У него защипало глаза, и он испугался, что сейчас заплачет.
Тогда она придвинулась на табуретке, обеими руками обхватила его и прижала к себе. Она втиснула его внутрь своего большого, теплого тела, и Колька сразу успокоился. Голова его лежала на ее груди, и он близко-близко видел маленькую стеклянную пуговицу и кусок кожи, нежно пахнущей печным дымом и ягодами.
– Ничего, деточка, – зашептала она, – ничего, маленький. Потерпи, не плачь. Они тебя взяли, значит, ты им нужен, привыкнете друг к дружке, полюбите. Не плачь, маленький. А станет тебе скучно, приходи к нам. Ты у нас и переночевать можешь, и уроки поделать, поиграете… Ничего, маленький…
Дождь кончился.
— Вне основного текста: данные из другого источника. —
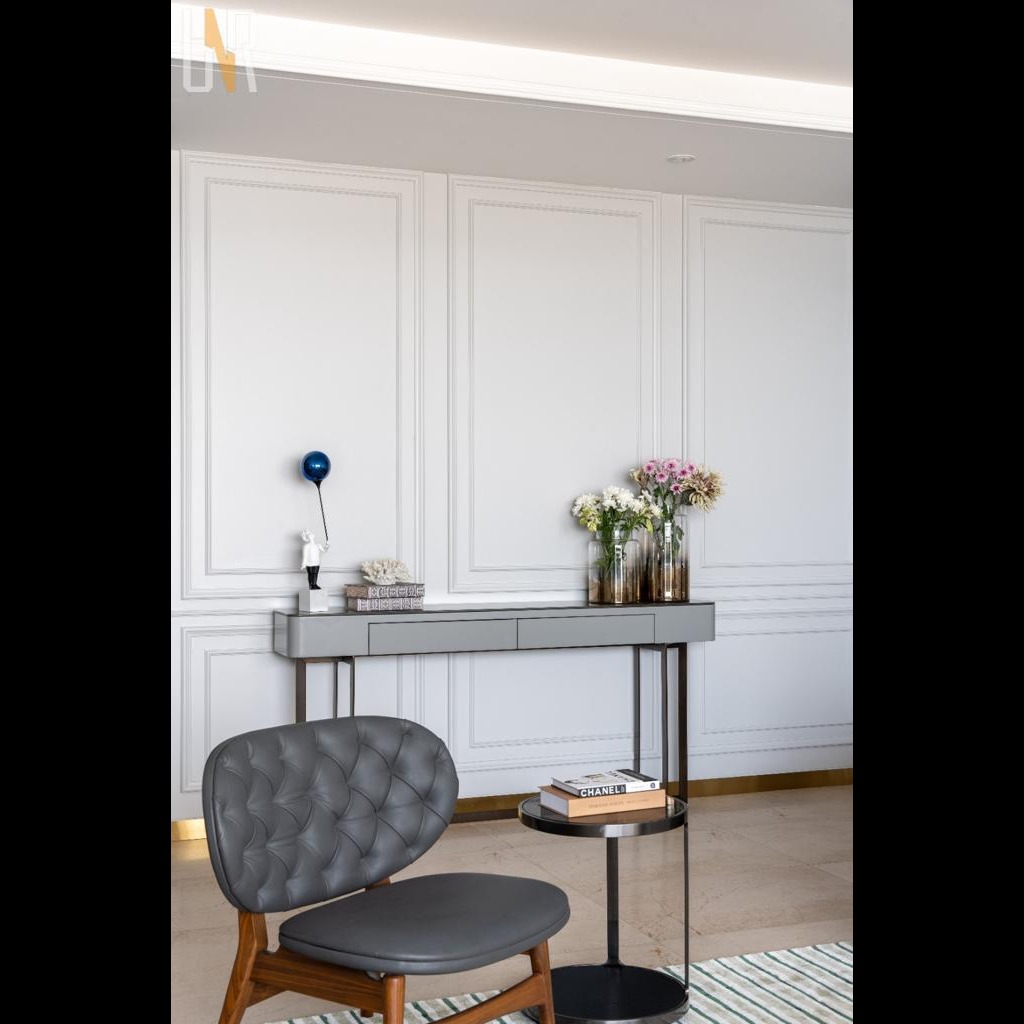 A console table adds instant charm to any hallway or living area. At UNR Kitchens in Mukund Nagar, we craft console tables that serve both as décor highlights and practical additions to your home. Designed to hold artwork, lamps, or small essentials, these tables elevate the look of any interior with their minimalist appeal and fine detailing.

Петр посадил его на багажник и повез домой.
На небе блестела радуга, и трава переливалась синевой и золотом, почти как Черное море на закате.
– Слышал, че мать сказала? – спросил его Петр у калитки. – Ты к нам приходи. Мать у меня очень добрая.
– А че у нее на щеке? Белое? – спросил Колька.
Петр опустил глаза:
– А это в нее отец кислотой плеснул. Он в тюрьме сидел, а когда вышел, плеснул в нее кислотой из бутылки. Ну, его опять посадили. Мать у меня несчастная. Но ты приходи. Отец нас достает.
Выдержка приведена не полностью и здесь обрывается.